(Data excerpts)
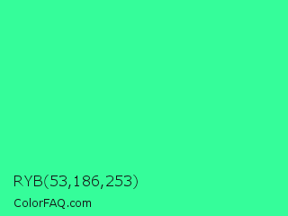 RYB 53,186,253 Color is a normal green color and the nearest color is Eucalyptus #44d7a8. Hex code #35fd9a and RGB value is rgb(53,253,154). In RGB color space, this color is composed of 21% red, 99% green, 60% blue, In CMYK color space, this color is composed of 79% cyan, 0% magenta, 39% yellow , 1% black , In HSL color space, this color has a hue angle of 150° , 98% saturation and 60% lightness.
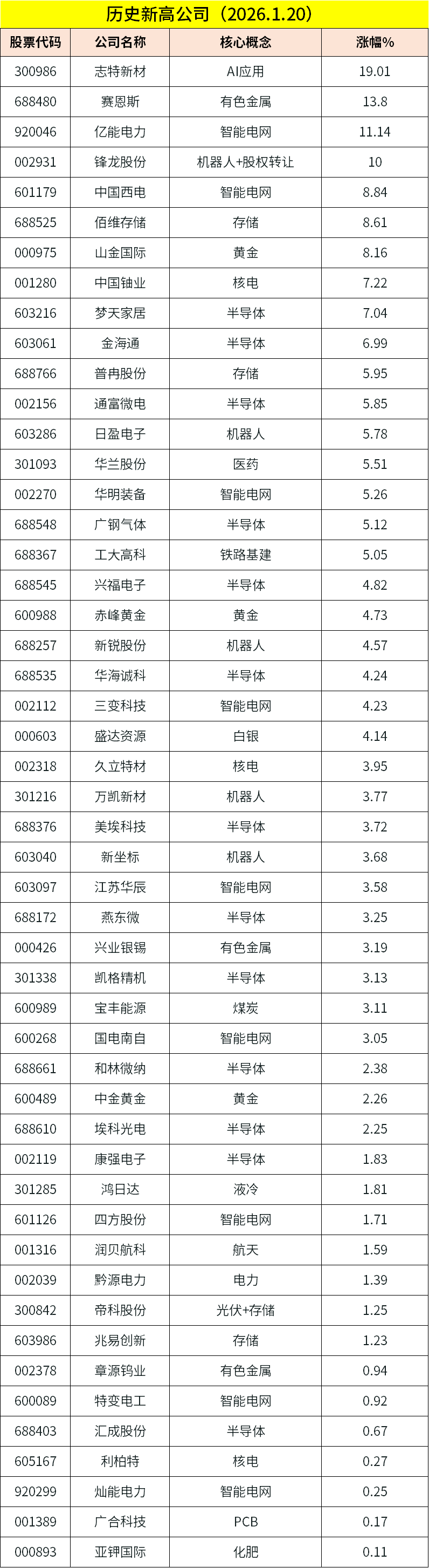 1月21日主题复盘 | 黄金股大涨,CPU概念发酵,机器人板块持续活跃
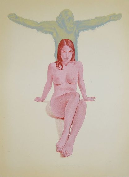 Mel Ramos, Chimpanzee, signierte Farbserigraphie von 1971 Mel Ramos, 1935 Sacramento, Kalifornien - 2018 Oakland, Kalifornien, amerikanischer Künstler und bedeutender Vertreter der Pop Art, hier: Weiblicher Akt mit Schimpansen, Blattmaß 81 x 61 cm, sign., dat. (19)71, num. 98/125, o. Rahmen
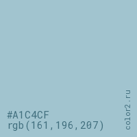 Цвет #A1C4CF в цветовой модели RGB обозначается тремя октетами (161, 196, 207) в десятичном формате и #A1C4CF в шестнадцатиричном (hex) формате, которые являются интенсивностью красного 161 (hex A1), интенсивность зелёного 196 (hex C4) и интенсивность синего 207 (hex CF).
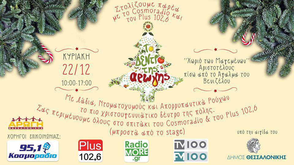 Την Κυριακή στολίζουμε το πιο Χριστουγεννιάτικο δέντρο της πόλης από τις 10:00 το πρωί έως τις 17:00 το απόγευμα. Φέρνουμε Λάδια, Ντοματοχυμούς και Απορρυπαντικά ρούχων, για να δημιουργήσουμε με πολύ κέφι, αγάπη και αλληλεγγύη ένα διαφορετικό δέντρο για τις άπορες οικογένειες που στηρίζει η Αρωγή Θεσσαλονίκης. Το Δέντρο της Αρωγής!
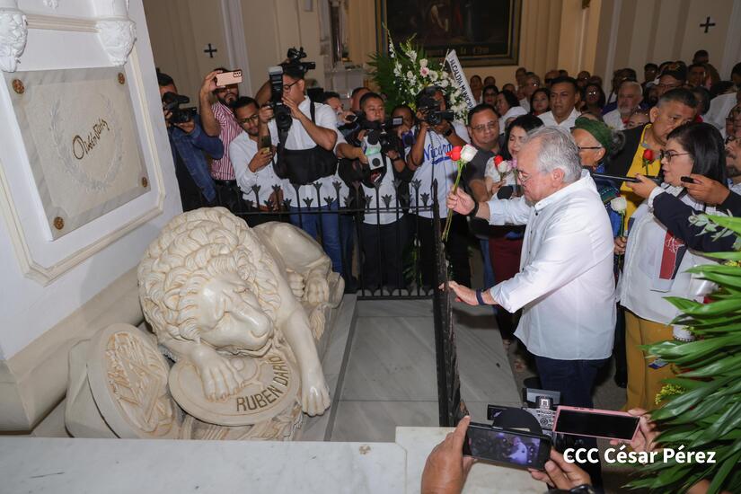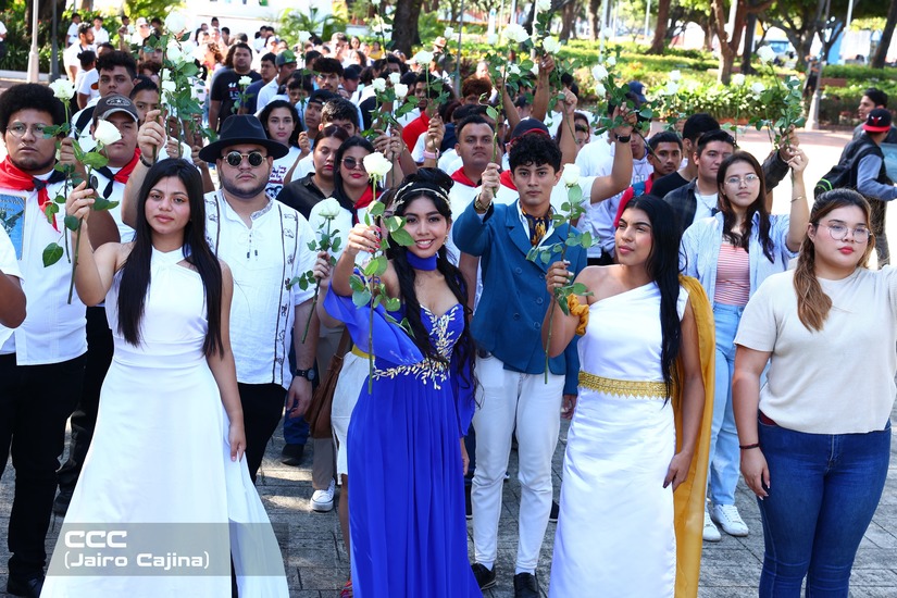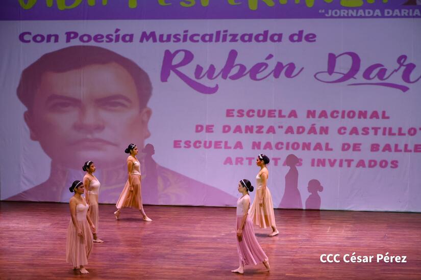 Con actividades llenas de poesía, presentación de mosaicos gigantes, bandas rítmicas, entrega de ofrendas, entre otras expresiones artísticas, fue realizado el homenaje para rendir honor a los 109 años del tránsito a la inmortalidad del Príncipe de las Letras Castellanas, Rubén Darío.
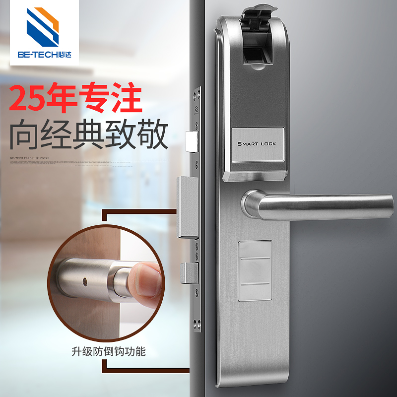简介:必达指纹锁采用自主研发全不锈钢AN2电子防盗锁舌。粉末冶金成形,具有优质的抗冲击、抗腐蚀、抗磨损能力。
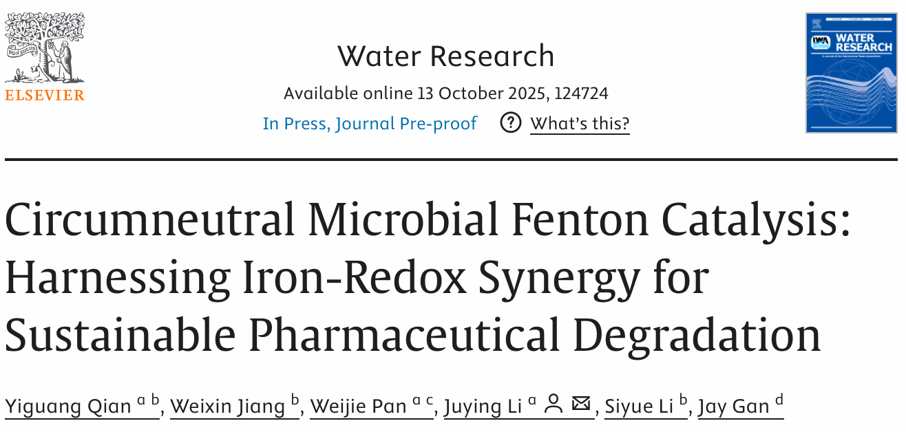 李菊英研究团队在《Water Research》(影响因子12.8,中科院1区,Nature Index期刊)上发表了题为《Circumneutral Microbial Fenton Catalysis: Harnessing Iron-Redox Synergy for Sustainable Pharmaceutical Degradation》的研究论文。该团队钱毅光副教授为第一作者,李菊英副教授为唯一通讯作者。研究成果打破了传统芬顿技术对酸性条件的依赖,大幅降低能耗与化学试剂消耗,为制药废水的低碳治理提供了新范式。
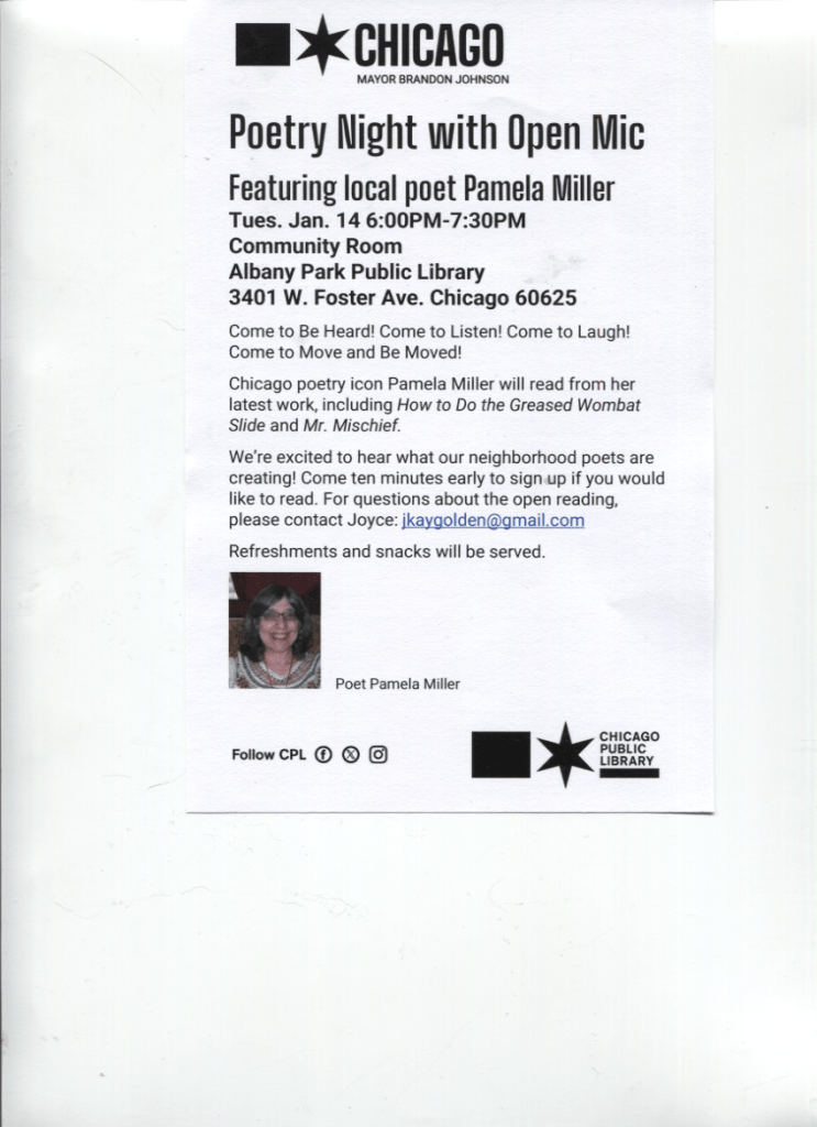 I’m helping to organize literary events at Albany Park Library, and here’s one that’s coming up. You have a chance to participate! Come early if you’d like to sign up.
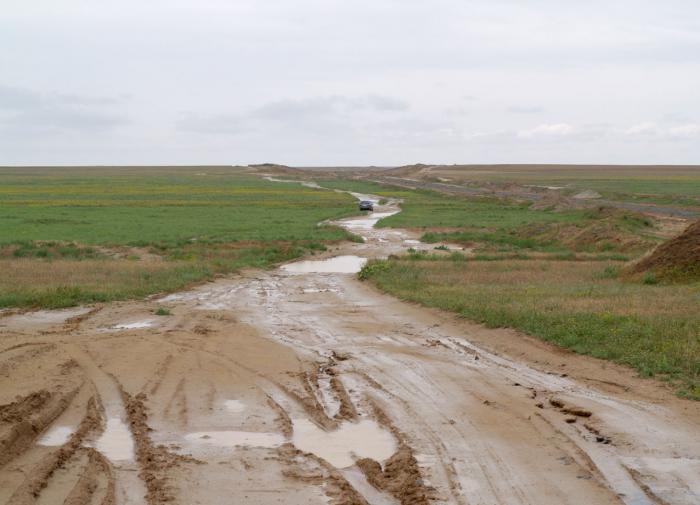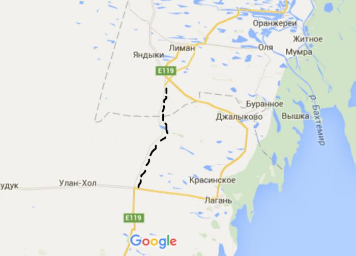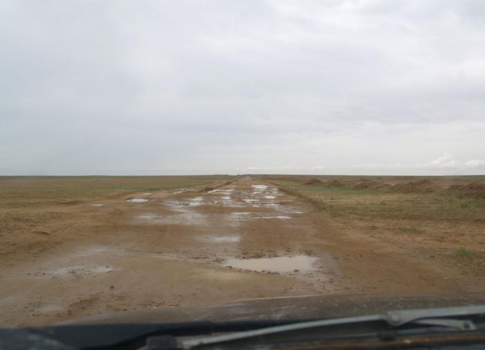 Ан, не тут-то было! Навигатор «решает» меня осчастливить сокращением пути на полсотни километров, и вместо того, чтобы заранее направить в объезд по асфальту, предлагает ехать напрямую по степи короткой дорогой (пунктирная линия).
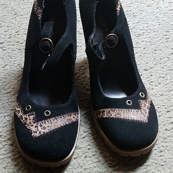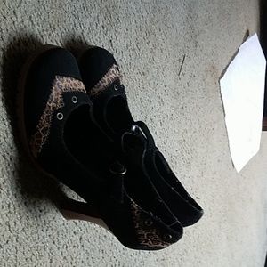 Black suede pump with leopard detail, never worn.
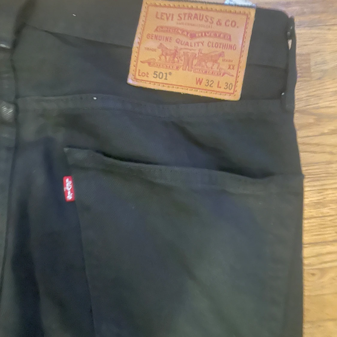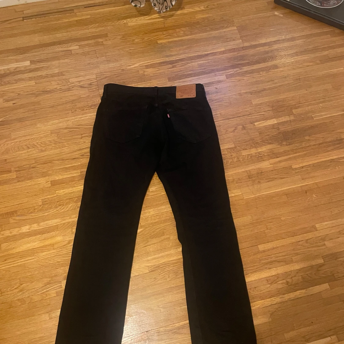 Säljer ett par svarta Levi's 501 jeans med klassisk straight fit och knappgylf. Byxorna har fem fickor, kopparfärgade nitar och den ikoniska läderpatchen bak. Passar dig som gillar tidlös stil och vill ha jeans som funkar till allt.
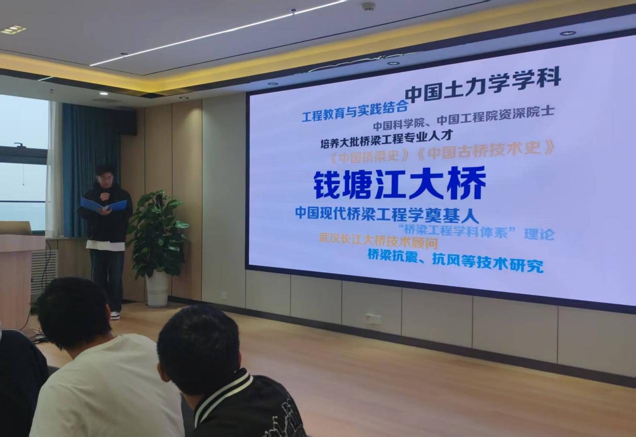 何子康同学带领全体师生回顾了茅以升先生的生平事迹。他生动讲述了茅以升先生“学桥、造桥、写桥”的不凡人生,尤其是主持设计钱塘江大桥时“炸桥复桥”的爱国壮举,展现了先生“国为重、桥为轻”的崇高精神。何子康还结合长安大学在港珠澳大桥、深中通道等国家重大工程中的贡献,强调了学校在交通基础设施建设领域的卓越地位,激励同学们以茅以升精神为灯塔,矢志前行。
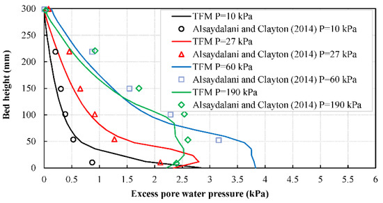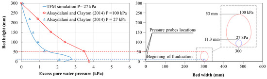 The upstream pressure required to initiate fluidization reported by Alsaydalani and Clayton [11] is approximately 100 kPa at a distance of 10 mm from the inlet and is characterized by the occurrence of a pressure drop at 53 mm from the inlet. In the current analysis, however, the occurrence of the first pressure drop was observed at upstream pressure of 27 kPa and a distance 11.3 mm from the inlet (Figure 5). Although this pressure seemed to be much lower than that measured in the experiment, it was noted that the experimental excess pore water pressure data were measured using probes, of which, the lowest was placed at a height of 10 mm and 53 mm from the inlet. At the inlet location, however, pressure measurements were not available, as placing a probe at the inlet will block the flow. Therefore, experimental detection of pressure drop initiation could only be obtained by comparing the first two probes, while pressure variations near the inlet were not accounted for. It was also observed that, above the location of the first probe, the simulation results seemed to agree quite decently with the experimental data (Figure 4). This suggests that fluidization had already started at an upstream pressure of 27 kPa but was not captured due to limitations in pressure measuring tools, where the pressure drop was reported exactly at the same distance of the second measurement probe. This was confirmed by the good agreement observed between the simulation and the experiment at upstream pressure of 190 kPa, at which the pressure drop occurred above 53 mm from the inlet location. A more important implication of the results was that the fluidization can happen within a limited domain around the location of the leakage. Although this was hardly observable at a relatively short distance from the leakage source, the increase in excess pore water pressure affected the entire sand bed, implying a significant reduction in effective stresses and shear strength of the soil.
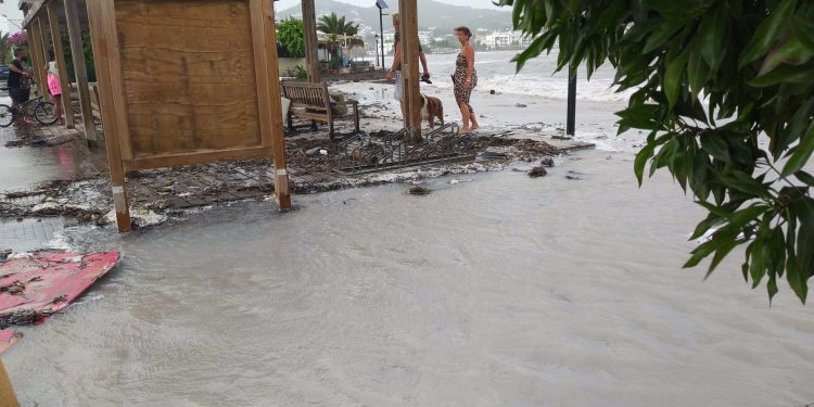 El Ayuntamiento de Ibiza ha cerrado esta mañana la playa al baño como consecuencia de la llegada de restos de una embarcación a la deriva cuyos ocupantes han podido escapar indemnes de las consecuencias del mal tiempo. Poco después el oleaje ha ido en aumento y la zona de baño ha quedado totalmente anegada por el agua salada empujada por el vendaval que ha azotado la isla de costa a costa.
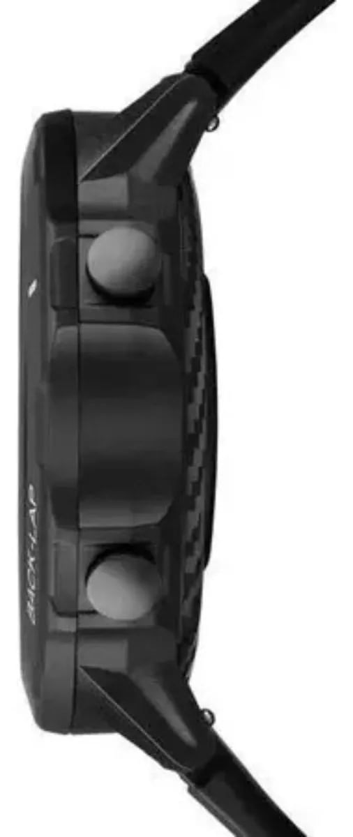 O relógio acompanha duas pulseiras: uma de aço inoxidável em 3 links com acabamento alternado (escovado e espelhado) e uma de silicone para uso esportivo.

Your task: Those lines of the records above that run from the one containing "Black suede pump" through the one containing "何子康同学带领全体师生回顾了" should be returned exactly, with no pictures among them.

Response:
 Black suede pump with leopard detail, never worn.
 Säljer ett par svarta Levi's 501 jeans med klassisk straight fit och knappgylf. Byxorna har fem fickor, kopparfärgade nitar och den ikoniska läderpatchen bak. Passar dig som gillar tidlös stil och vill ha jeans som funkar till allt.
 何子康同学带领全体师生回顾了茅以升先生的生平事迹。他生动讲述了茅以升先生“学桥、造桥、写桥”的不凡人生,尤其是主持设计钱塘江大桥时“炸桥复桥”的爱国壮举,展现了先生“国为重、桥为轻”的崇高精神。何子康还结合长安大学在港珠澳大桥、深中通道等国家重大工程中的贡献,强调了学校在交通基础设施建设领域的卓越地位,激励同学们以茅以升精神为灯塔,矢志前行。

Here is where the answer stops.